_Task statement_. From the entries below, write out exactly the lines between the line holding "Relógios de parede" and the line holding "Enchant creature (Target", inclusive, excluding any pictures.

_Supplied entries_.
|---|
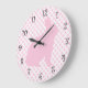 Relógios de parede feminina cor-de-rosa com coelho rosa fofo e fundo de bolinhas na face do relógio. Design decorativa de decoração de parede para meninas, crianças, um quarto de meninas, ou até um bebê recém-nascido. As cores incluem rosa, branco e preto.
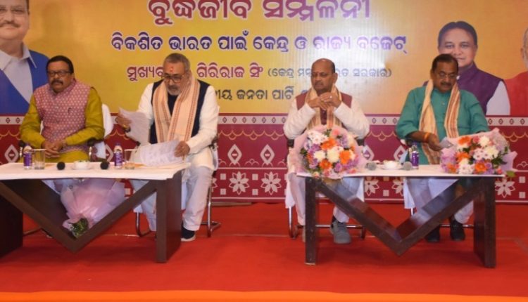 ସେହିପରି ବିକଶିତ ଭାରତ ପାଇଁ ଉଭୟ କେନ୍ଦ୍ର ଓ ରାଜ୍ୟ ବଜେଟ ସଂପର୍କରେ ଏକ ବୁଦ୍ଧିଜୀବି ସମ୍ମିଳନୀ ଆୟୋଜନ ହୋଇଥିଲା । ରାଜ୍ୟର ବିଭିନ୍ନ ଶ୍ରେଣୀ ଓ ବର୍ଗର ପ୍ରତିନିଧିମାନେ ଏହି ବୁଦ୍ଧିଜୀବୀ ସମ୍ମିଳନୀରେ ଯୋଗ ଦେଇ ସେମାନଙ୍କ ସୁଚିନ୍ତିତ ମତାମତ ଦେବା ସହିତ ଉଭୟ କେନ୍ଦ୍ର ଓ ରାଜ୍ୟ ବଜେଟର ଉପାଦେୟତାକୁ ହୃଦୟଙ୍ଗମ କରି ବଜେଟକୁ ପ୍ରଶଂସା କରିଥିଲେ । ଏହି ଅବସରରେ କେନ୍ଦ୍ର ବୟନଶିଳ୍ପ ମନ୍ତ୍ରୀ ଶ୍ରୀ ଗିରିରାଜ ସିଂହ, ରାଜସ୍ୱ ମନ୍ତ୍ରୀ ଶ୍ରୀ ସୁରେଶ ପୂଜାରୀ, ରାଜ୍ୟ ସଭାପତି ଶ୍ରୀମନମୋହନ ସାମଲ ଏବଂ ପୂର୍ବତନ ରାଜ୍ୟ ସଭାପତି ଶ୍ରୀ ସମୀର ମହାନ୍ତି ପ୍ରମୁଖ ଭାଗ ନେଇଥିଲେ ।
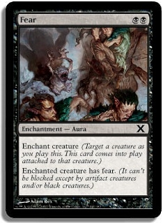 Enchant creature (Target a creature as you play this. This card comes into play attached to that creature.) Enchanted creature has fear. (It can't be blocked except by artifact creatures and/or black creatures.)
|---|
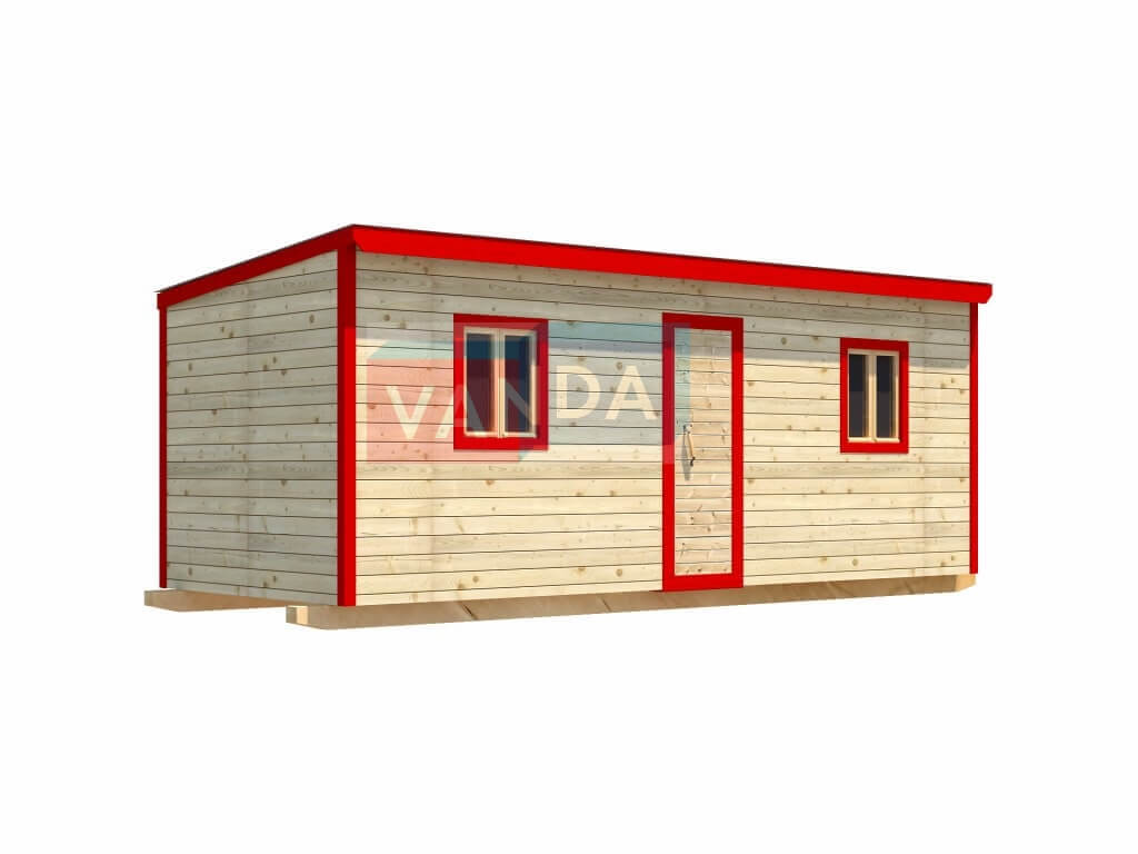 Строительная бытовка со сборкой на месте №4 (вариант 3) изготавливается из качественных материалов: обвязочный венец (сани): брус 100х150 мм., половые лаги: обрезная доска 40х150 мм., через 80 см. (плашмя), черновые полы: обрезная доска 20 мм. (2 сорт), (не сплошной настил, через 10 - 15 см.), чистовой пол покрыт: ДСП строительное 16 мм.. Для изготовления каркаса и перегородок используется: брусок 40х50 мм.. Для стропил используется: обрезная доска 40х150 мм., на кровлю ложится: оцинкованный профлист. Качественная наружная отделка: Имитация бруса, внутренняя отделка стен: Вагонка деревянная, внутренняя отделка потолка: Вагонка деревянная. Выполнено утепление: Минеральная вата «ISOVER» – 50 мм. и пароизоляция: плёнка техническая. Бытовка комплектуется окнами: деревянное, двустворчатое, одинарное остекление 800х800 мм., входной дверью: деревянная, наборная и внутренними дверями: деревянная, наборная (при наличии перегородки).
|---|
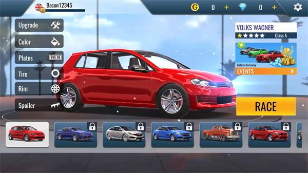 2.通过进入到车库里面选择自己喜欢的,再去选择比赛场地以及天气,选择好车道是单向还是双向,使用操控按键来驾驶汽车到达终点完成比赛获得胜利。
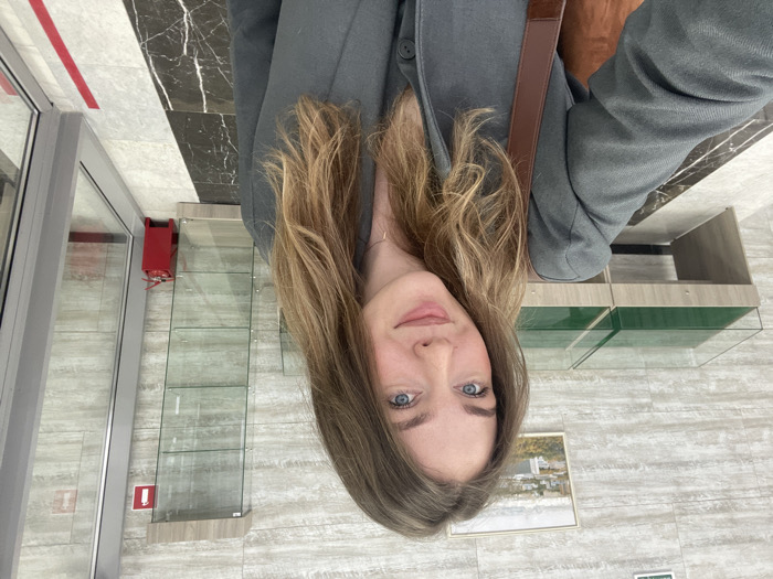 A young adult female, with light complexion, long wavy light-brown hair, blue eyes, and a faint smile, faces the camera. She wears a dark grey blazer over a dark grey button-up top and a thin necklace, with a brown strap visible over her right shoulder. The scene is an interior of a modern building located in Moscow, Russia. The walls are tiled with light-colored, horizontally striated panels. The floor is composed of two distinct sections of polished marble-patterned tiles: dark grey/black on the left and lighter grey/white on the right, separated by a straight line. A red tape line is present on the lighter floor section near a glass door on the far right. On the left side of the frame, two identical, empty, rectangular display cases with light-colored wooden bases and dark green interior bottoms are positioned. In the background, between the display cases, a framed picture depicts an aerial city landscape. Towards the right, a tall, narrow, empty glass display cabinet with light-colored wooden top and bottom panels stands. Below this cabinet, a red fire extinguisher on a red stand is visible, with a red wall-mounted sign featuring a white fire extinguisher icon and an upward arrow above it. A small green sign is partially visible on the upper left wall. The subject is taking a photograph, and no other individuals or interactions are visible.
|---|
_Task output_.
 Relógios de parede feminina cor-de-rosa com coelho rosa fofo e fundo de bolinhas na face do relógio. Design decorativa de decoração de parede para meninas, crianças, um quarto de meninas, ou até um bebê recém-nascido. As cores incluem rosa, branco e preto.
 ସେହିପରି ବିକଶିତ ଭାରତ ପାଇଁ ଉଭୟ କେନ୍ଦ୍ର ଓ ରାଜ୍ୟ ବଜେଟ ସଂପର୍କରେ ଏକ ବୁଦ୍ଧିଜୀବି ସମ୍ମିଳନୀ ଆୟୋଜନ ହୋଇଥିଲା । ରାଜ୍ୟର ବିଭିନ୍ନ ଶ୍ରେଣୀ ଓ ବର୍ଗର ପ୍ରତିନିଧିମାନେ ଏହି ବୁଦ୍ଧିଜୀବୀ ସମ୍ମିଳନୀରେ ଯୋଗ ଦେଇ ସେମାନଙ୍କ ସୁଚିନ୍ତିତ ମତାମତ ଦେବା ସହିତ ଉଭୟ କେନ୍ଦ୍ର ଓ ରାଜ୍ୟ ବଜେଟର ଉପାଦେୟତାକୁ ହୃଦୟଙ୍ଗମ କରି ବଜେଟକୁ ପ୍ରଶଂସା କରିଥିଲେ । ଏହି ଅବସରରେ କେନ୍ଦ୍ର ବୟନଶିଳ୍ପ ମନ୍ତ୍ରୀ ଶ୍ରୀ ଗିରିରାଜ ସିଂହ, ରାଜସ୍ୱ ମନ୍ତ୍ରୀ ଶ୍ରୀ ସୁରେଶ ପୂଜାରୀ, ରାଜ୍ୟ ସଭାପତି ଶ୍ରୀମନମୋହନ ସାମଲ ଏବଂ ପୂର୍ବତନ ରାଜ୍ୟ ସଭାପତି ଶ୍ରୀ ସମୀର ମହାନ୍ତି ପ୍ରମୁଖ ଭାଗ ନେଇଥିଲେ ।
 Enchant creature (Target a creature as you play this. This card comes into play attached to that creature.) Enchanted creature has fear. (It can't be blocked except by artifact creatures and/or black creatures.)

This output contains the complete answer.